ЕДУТ НА КОРАБЛЕ ЛЮДИ

   Если долго ехать на разном транспорте, то, конечно, в голову может прийти мысль, будто всё население страны бросило жилища и пустилось в дорогу.
   Кричали поезда в ночи. Их крик будил ребятишек, которые чмокали соски и, наверное, воображали, будто мир – это всё, что мелькает, будто дом – это всё, что трясется и мчится куда-то вперёд.
   Поезда бегут по синим рельсам.
   Самолеты летят по синему небу.
   Корабли идут по синей воде.
   Славка сам придумал такие слова. Он поёт шёпотом, чтобы мама не слышала. Иначе она скажет, что Славка – на редкость бездарный сын. Славка был очень застенчивым. Он стеснялся даже собственной тени. Он всегда становился так, чтобы тень его не падала на других.
   Славка хотел сочинить такие слова, будто есть на земле конечная станция, где сходятся все поезда, пароходы и самолёты. Ведь есть же где-то конец всех дорог.
   Славка ехал в купейном вагоне. Летел на самолёте АН-2, в котором двенадцать мест.
   Теперь Славка ехал по широкому лиману с жёлтой водой. На большом пассажирском катере с птичьим названием «Ласточка».
   На палубе всякие разговоры.
   Толстая женщина с тремя внуками говорит:
   – Куда подевались те, настоящие культурные дети? Нету теперь настоящих детей. Я взяла «зефир» с ленинградского поезда. Теперь я имею чахотку. Эти внуки ещё не научились говорить «бабушка», зато они не перестают кричать «дай»… И лучше мне никогда не выйти на пенсию, чем нянчить эти три патефона. У меня от них температура встает!.. – И тут же кидается к своим внукам и вытирает им капризные носы, и кутает их в платки, и суёт им лимонад. Мужчина в фетровой шляпе смотрит на горемычную бабушку и кивает Славкиной маме:
   – Одесситка…
   «Ну и что? Хорошо это или плохо?» —думает Славка. Он смотрит на одесситку. Она улыбается Славке. Славка улыбается ей. Он готов улыбнуться всем людям.
   Славка не одессит, даже не москвич, даже не ленинградец, даже не норильчанин. Славка – кочевник, сын инженера-строителя.
   Славкина мама ходит по катеру. Спрашивает:
   – Скажите, пожалуйста, городишко, куда мы плывём, сверх-отчаянная дыра?
   Две тётки в толстых платках лузгают семечки. Они смотрят на маму и застенчиво улыбаются:
   – Ни-и… Фруктов много. Рыбы богато… Ничего городок… Очень хороший город.

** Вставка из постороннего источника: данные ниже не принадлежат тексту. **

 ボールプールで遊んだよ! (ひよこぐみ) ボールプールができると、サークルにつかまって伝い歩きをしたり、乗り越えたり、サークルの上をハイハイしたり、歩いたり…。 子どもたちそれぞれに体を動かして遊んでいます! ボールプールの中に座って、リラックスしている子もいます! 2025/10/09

   Мама отворачивается. Она не довольна ответом.
   По палубе, через корзины, мешки и ящики лезет подвыпивший старик. В ящиках кричат петухи. В мешках визжат поросята.

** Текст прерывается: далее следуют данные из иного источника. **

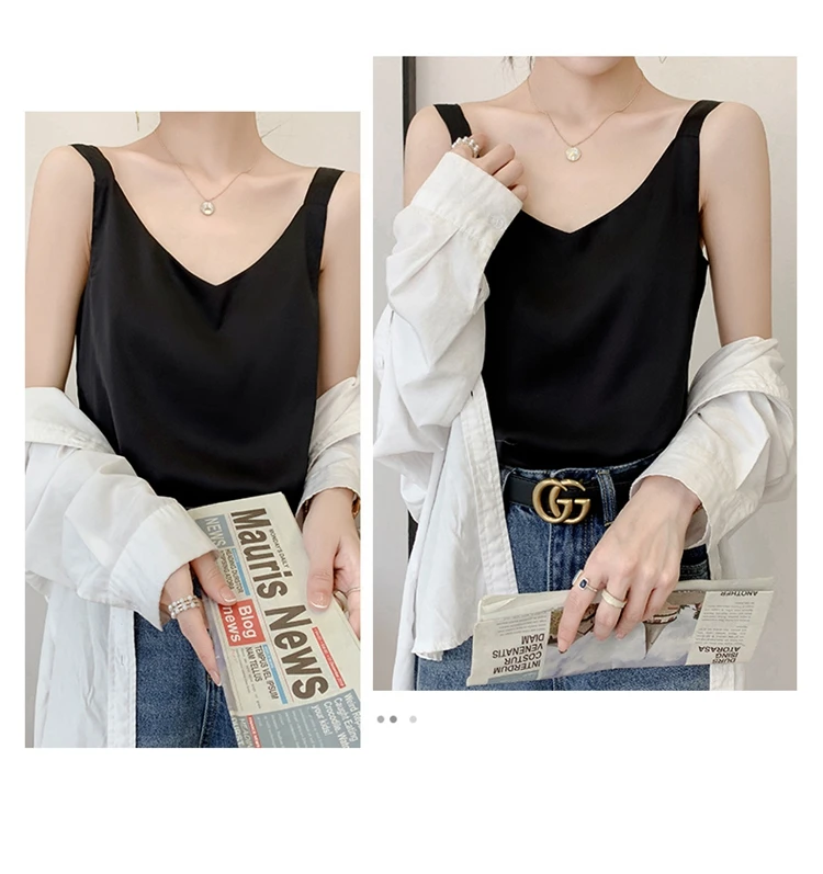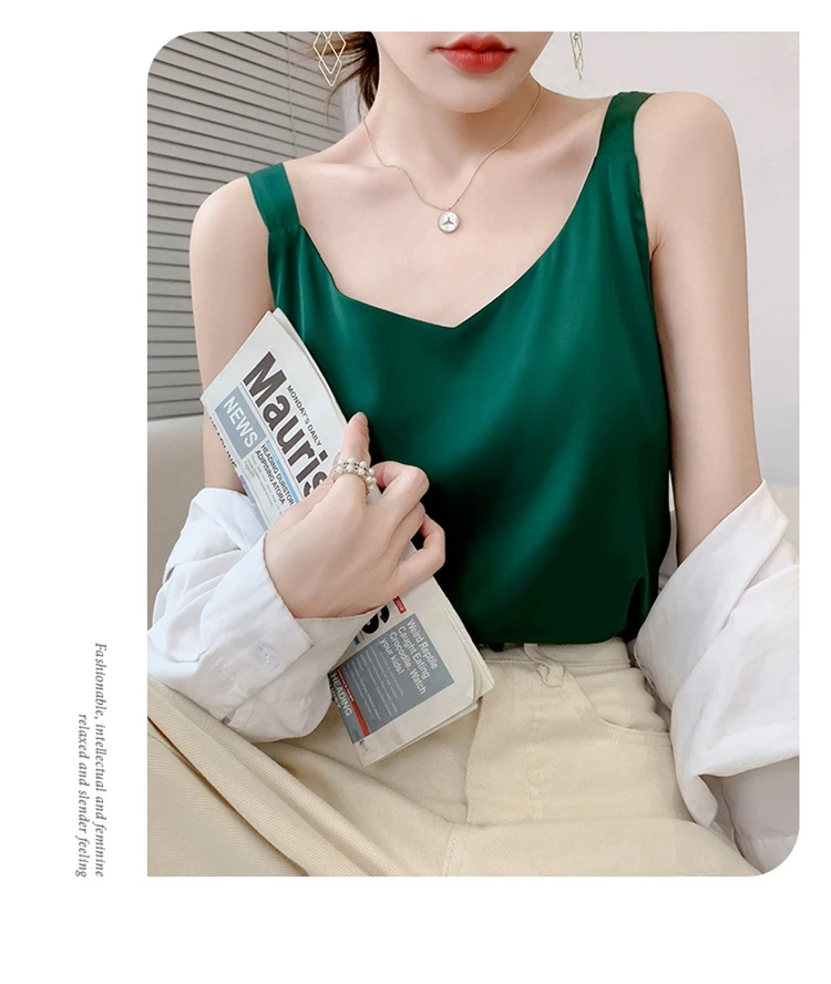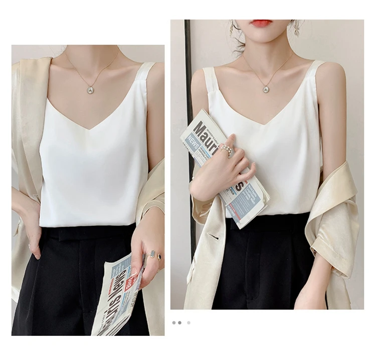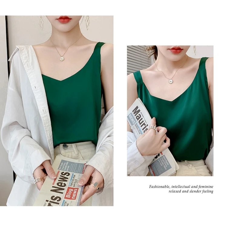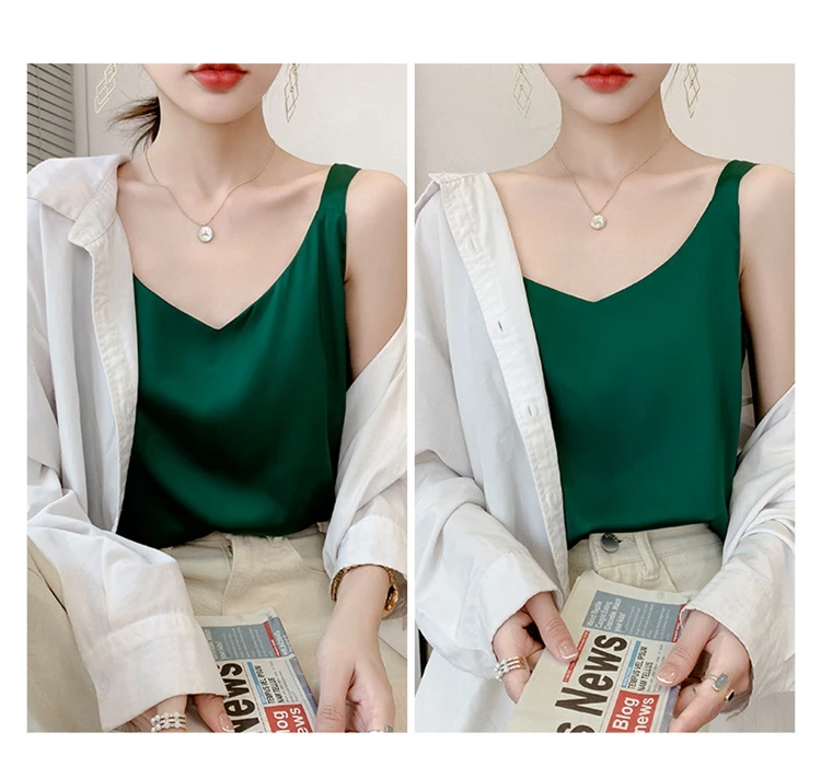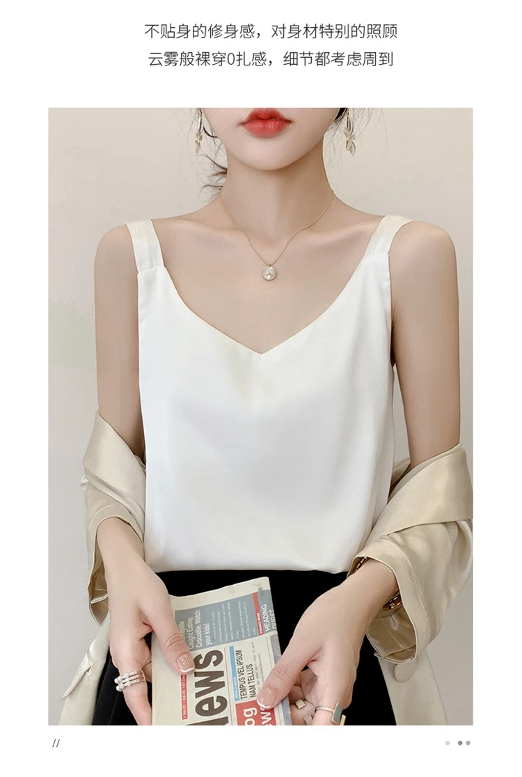 Silk Camisole Ladies Summer Suit Inside V-Neck Satin Bottoming Vest 2025 Thin Loose Sleeveless Sling Silk Tops Small Shirt Trend

   На старике надето всё новое. Всё ему велико, будто купили навырост. Пиджак топорщится, брюки топорщатся. И рубашка, и борода, и уши у старика топорщатся. Он похож на пересохшую еловую шишку.
   – А я у дочки гостил! – шумит старик. Останавливается возле тёток в толстых платках и смеётся: —Ух же ж вы бабы! Ух же ж вы серый народ. Ведь которые культурные, те лузгают семечки дома. А вы тут всю палубу засорили, ходить скользко.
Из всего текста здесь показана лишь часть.